── Record set
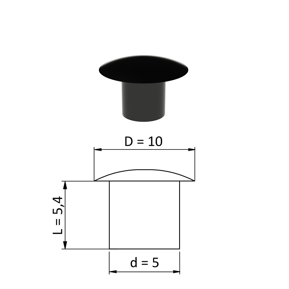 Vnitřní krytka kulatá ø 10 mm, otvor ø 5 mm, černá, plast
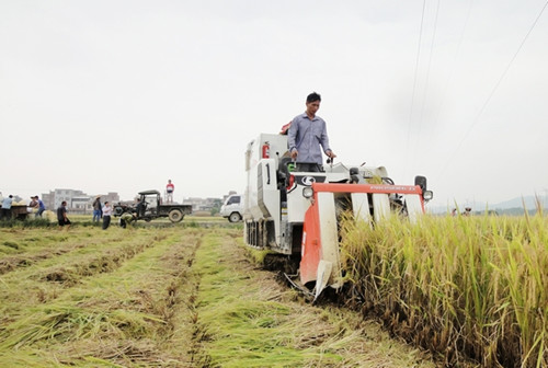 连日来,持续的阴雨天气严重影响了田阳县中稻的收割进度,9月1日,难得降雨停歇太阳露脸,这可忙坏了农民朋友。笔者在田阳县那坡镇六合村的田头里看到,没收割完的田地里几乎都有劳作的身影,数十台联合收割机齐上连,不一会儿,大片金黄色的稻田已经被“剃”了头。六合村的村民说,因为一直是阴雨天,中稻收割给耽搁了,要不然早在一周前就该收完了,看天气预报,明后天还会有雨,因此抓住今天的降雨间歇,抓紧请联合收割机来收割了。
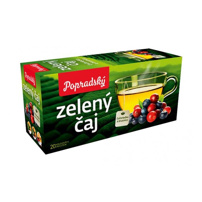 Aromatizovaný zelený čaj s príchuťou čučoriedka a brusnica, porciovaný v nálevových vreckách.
────
── Record set
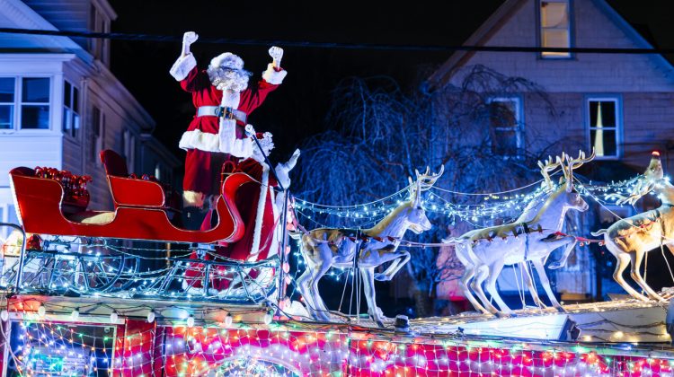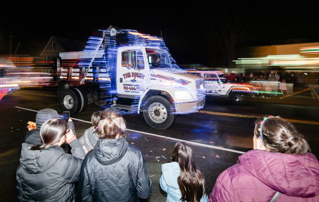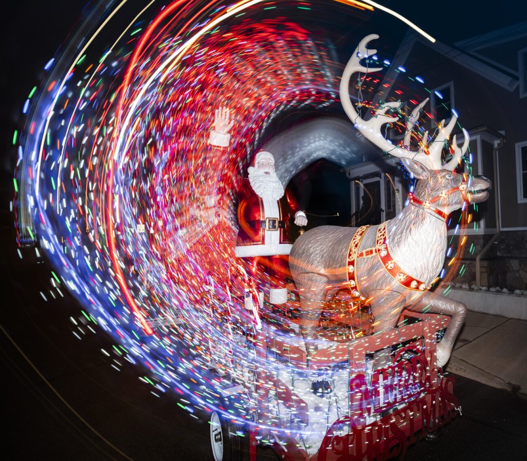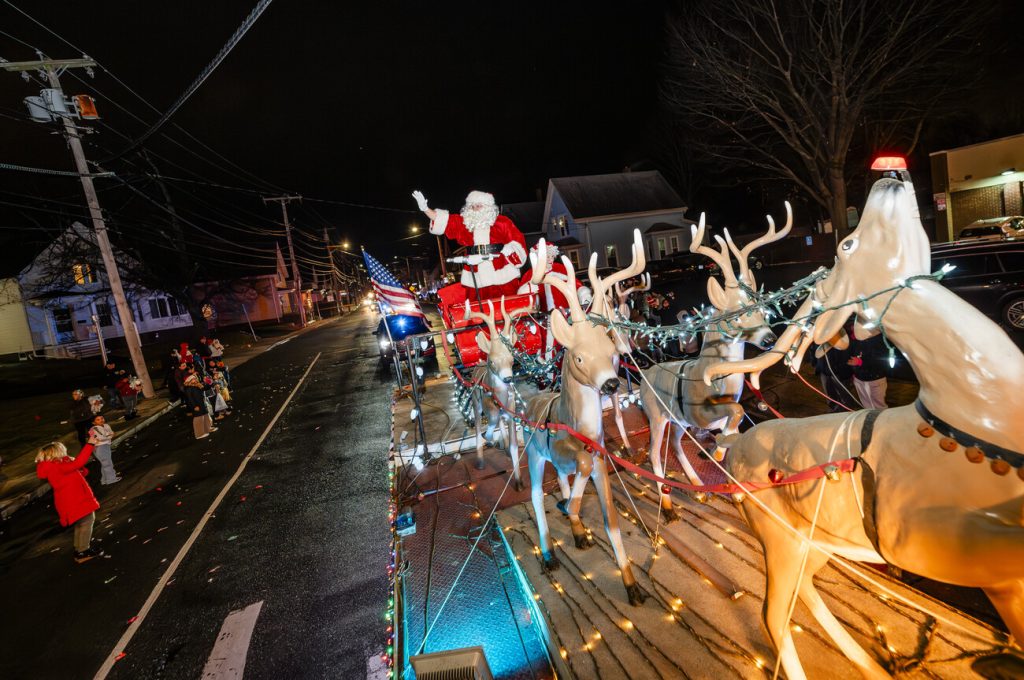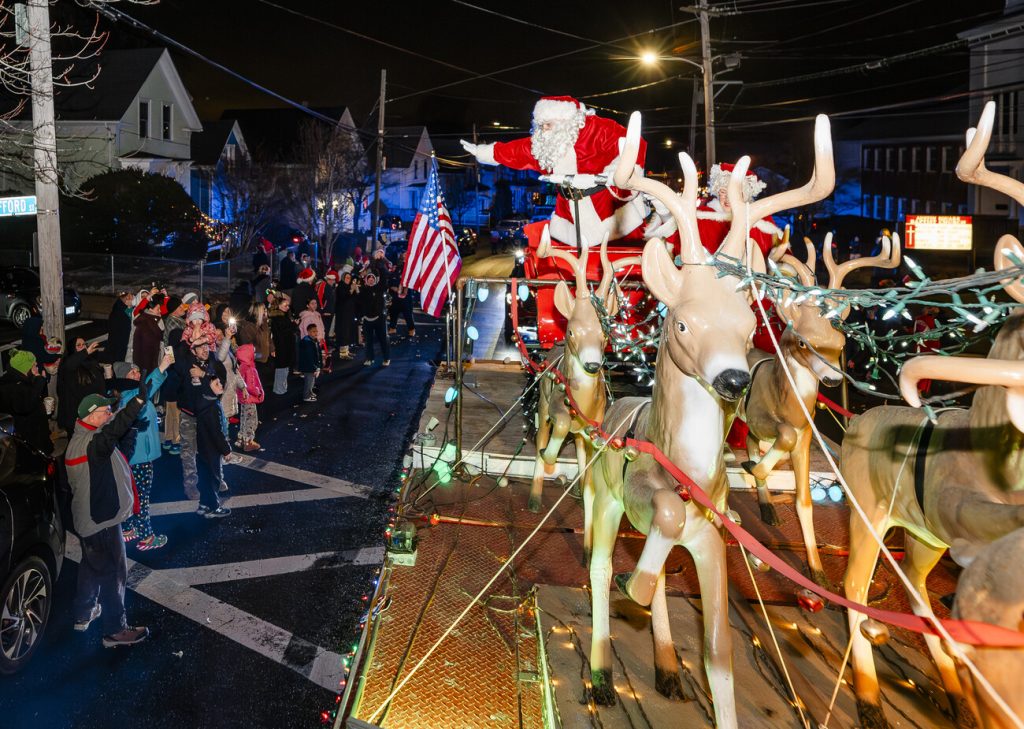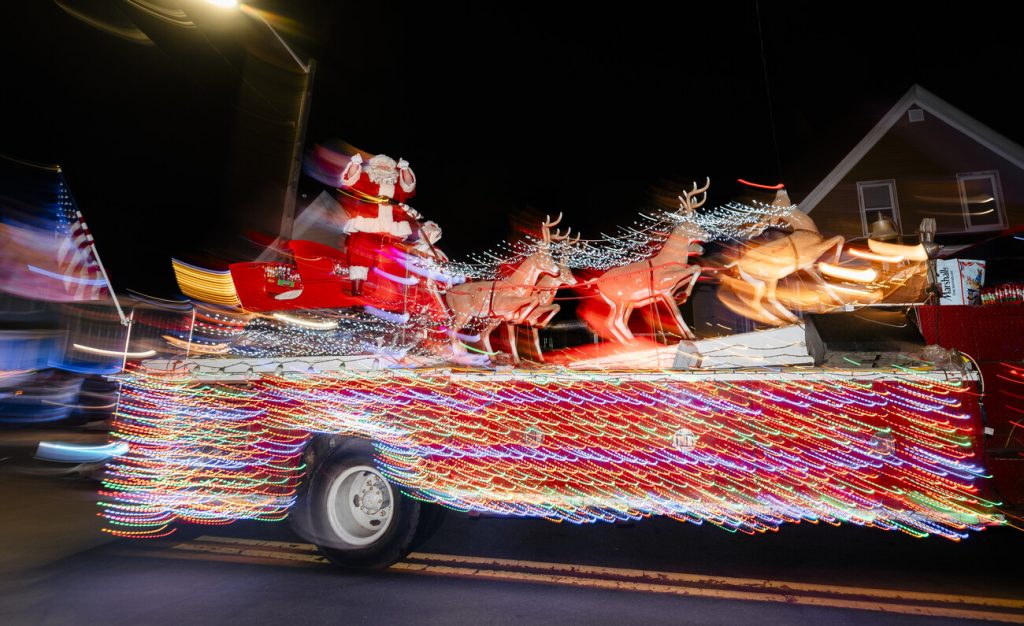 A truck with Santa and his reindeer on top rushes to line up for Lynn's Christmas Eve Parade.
────
Action item: Within the listing above, the lines from the one with "Vnitřní krytka kulatá" through the one with "Aromatizovaný zelený čaj" are to be given again word for word. Do not include pictures.

Reply:
 Vnitřní krytka kulatá ø 10 mm, otvor ø 5 mm, černá, plast
 连日来,持续的阴雨天气严重影响了田阳县中稻的收割进度,9月1日,难得降雨停歇太阳露脸,这可忙坏了农民朋友。笔者在田阳县那坡镇六合村的田头里看到,没收割完的田地里几乎都有劳作的身影,数十台联合收割机齐上连,不一会儿,大片金黄色的稻田已经被“剃”了头。六合村的村民说,因为一直是阴雨天,中稻收割给耽搁了,要不然早在一周前就该收完了,看天气预报,明后天还会有雨,因此抓住今天的降雨间歇,抓紧请联合收割机来收割了。
 Aromatizovaný zelený čaj s príchuťou čučoriedka a brusnica, porciovaný v nálevových vreckách.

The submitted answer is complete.